Please don't throw the baby out with the bath.  Our highways are full of crashes that kill and maim, but you don't call for the elimination of cars.  Slippery bathtubs kill some people every year, but we keep right on bathing.  Also, it's perfectly possible for parents to malnourish their children on an omnivorous diet.  Take a look around.  For every anemic vegan you see, there are hundreds of unhealthy omnivores.

 
Update: Gayle Dean writes:
There is no connection between starving children to death and veganism.  Children of meat-eaters have also been starved to death.  It is a matter of not feeding them enough food of any kind.

Even the prosecutor in the Crown Shakur case (and all the doctors and other experts) agreed that the child did not die from veganism, he died from simply not being fed enough food, period.

And the comment about a vegan diet not being appropriate for babies and children, well that is simply false.  Here is the official statement from the website of the American Dietetic Association, which heartily endorses a vegan diet for everyone.
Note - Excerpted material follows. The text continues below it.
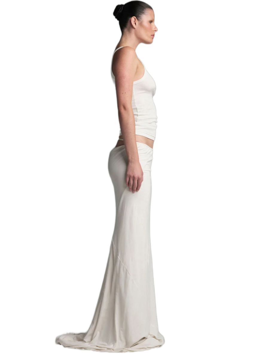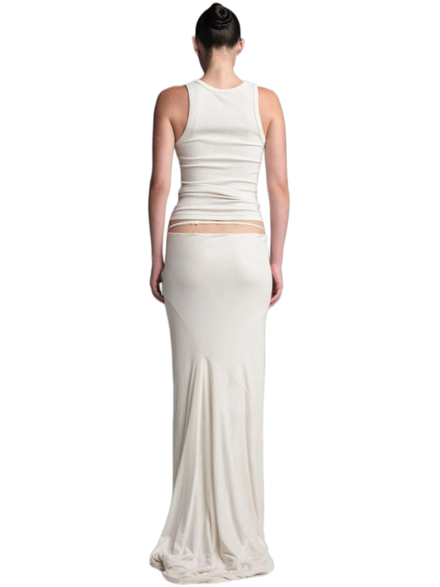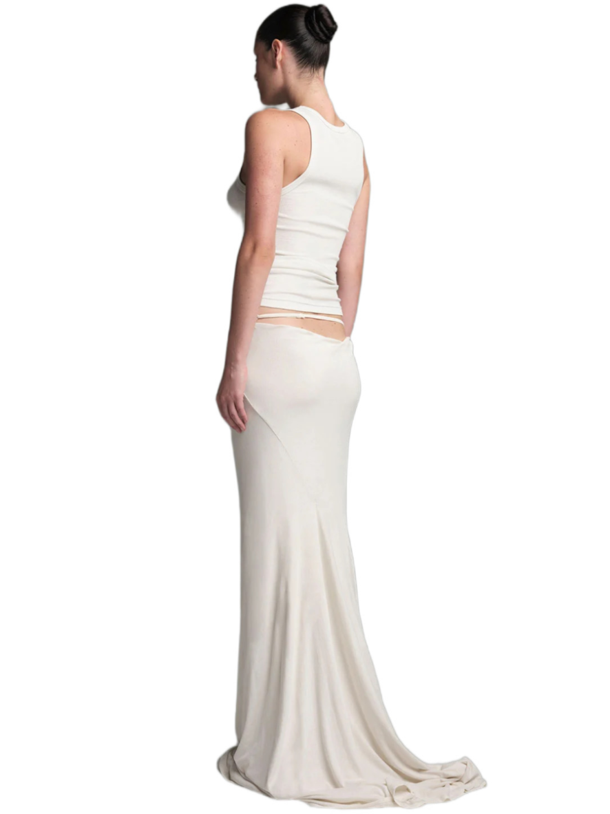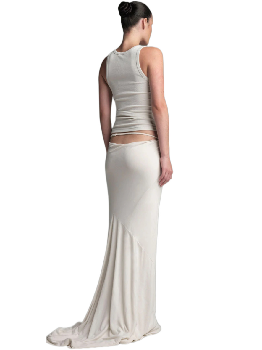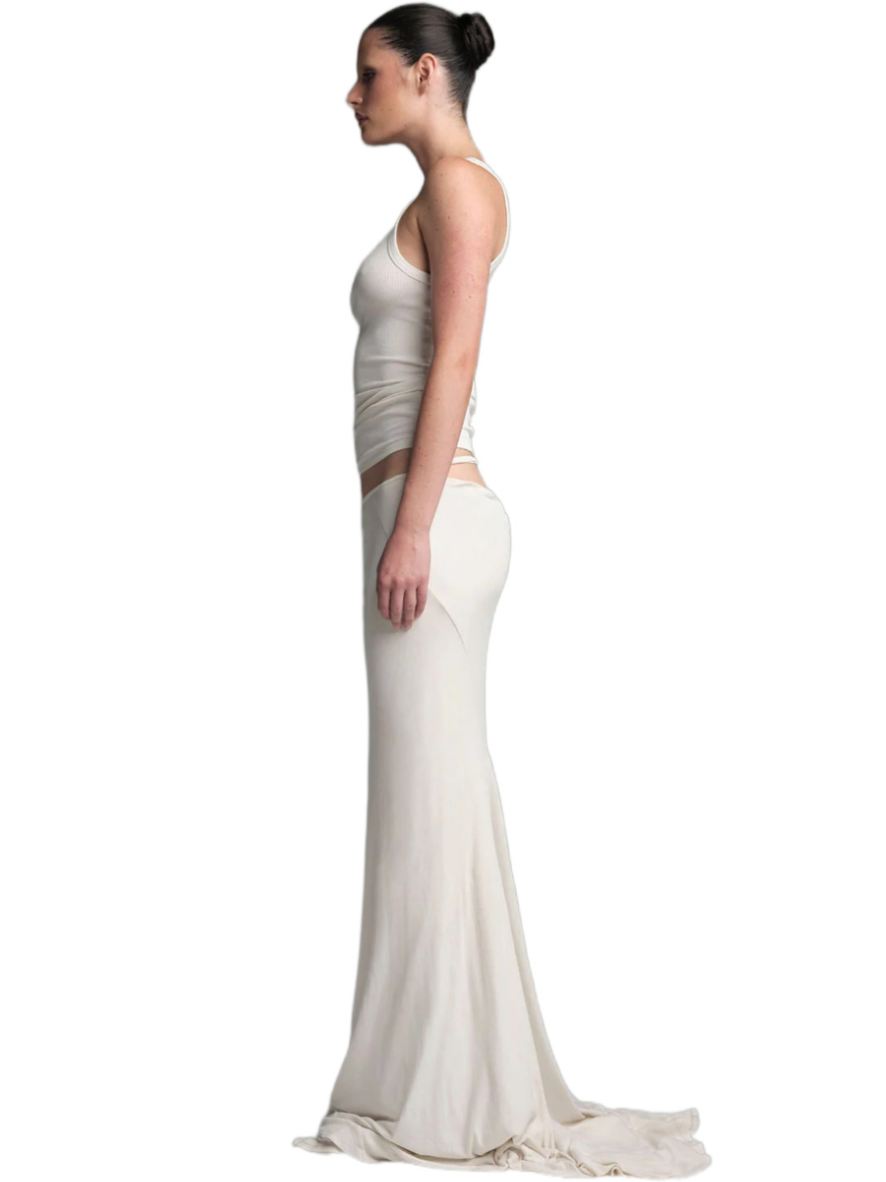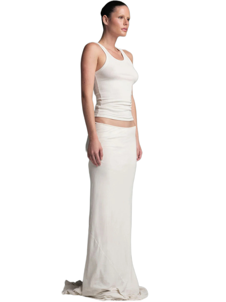 Made from a delicate and soft fabric, this tube skirt features a classic fit at the front and a high slit opening for an alluring touch. Whether you’re heading out for a social event or enjoying a cozy day at home, its buttery-soft feel makes it versatile for various occasions. The Slip skirt, with its comfortable jersey fabric and slightly flared, raw-cut hem, adds an avant-garde aesthetic to your wardrobe—a perfect staple that blends style and comfort.
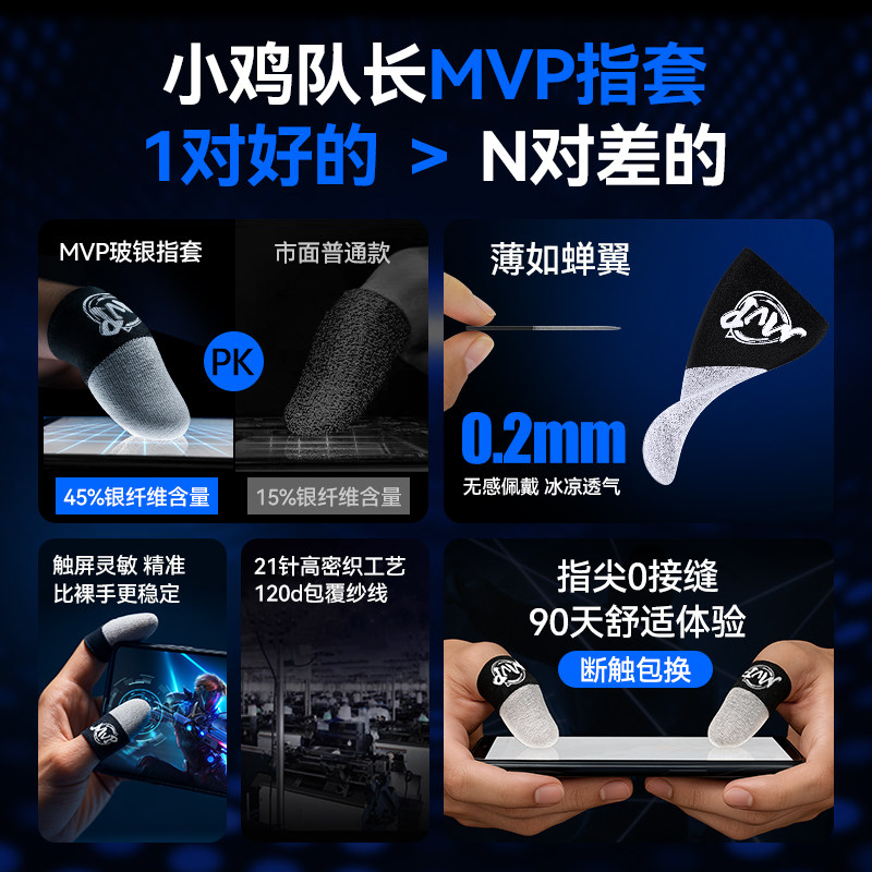 小鸡队长新款决战平安京手游MVP指套高灵敏防汗防滑上分神器王者荣耀英雄联盟LOL电竞游戏精英触屏银布拇指套

"Well-planned vegan and other types of vegetarian diets are appropriate for all stages of the life cycle, including during pregnancy, lactation, infancy, childhood and adolescence. Vegetarian diets offer a number of nutritional benefits, including lower levels of saturated fat, cholesterol, and animal protein as well as higher levels of carbohydrates, fiber,magnesium, potassium, folate, and antioxidants such as vitamins C and E and phytochemicals. Vegetarians have been reported to have lower body mass indices than nonvegetarians, as well as lower rates of death from ischemic heart disease; vegetarians also show lower blood cholesterol levels; lower blood pressure; and lower rates of hypertension, type 2 diabetes, and prostate and colon cancer."

And Dr. Frank Oski, former director of pediatrics at Johns Hopkins University said:

"There is no reason to drink cow's milk at any time in your life. It was designed for calves, it was not designed for humans, and we should all stop drinking it today, this afternoon."

Dr. Spock agreed, saying, "[T]here was a time when cow's milk was considered very desirable. But research, along with clinical experience, has forced doctors and nutritionists to rethink this recommendation."

And finally, The World Health Organization (WHO) says that western nations that consume a lot of meat/dairy have the highest levels of osteoporosis, which is caused by eating a lot of animal protein. It says, "...hip fracture rates are higher in developed countries where calcium intake is high than in developing countries where calcium intake is low...fracture risk has recently been shown to be a function of protein intake in North American women."  Anyone concerned about osteoporosis should read the WHO report here.
The scientific information about the benefits of a vegan diet and the hazards of a meat and dairy diet are well known in the medical and scientificcommunity, but we rarely hear the facts from the media.